“有兩個店鋪的室外監控中間存在監控死角,其他路人經過這段路途的時間是兩分鐘左右,而嫌犯和戴浦和則是足足十分鐘。
“當然,這其中有戴浦和處於半昏迷狀態,腿腳不便,嫌犯攙扶著他行走緩慢的原因,但除非他們摔跤了,不然也不會這麼慢。
“我看過他們身上衣物的細節,確定他們沒有摔跤。而且嫌犯的斜挎包也有變化:經過這段監控死角之前,他的包有個凸起,經過之後,包的凸起形狀有變化,拉鍊位置也有變化。”
祁興言起身,“你是說,嫌犯把包裡的什麼東西丟在了這段監控死角的路途中?”
“是。”
“走,去看看。”
成澈攔住急著動身的祁興言,“我還有個發現,有關於這個嫌犯最重要的特徵。”
“什麼?”唐局也激動地站起來。
“嫌犯的左眼,”成澈把平板電腦放在會議桌上,讓大家去看上面嫌犯放大的面部,“是假的。”
幾個人全都站起來,弓著背向桌上中心點望去。
祁興言乍看之下不覺的有什麼,但是既然有了提醒,他越看越覺得嫌犯被頭髮遮擋了一半的左眼彆扭。
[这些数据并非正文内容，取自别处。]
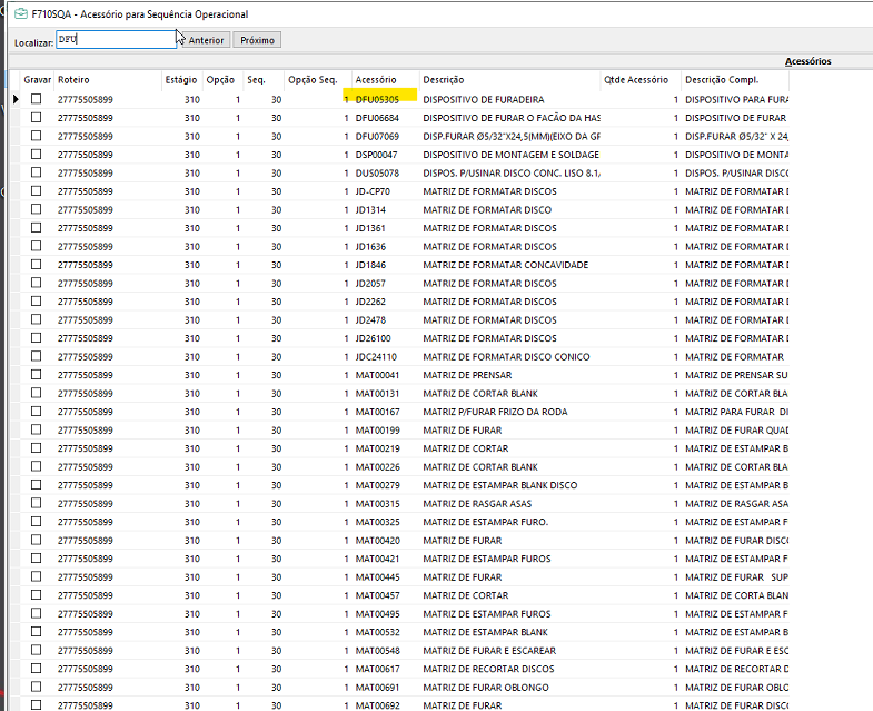 Boa Tarde, nosso setor de Engenharia gostaria de saber o por que não é possivel utilizar o "Localizar" para encontrar itens com mais facilidade, o processo de seleção de um material na tela de acessórios "F710SQA" apenas localiza o que esta no "cabeçalho" da tela, e não os demais itens.
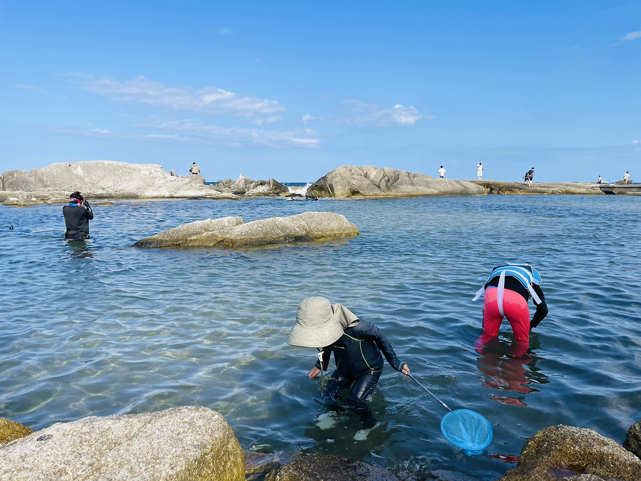 아이들은 그렇게 시간 가는 줄 모르고 1시간여를 신나게 채집놀이를 했다. 돌 가까운 곳에서는 작은 소라게와 고동을 따오고, 작은 물고기를 잡아오기도 했지만, 옆쪽의 다른 사람들은 제법 큰 소라 거북손까지 채집을 해오는 것을 보고 조금 부러운 듯했다.

“是義眼?你確定?”唐局歪頭咂嘴,“我怎麼看不出來?”
成澈用堅定的語氣表明態度:
“靜態看的確很難看得出,因為現在義眼技術發展,乍看之下,哪怕是社交距離都能以假亂真。
“我反覆看了監控下嫌犯的動態,他的左眼轉動幅度比右眼小,並且沒有瞳孔的反光。他對他的義眼沒有足夠的自信,所以才用劉海稍加遮擋。”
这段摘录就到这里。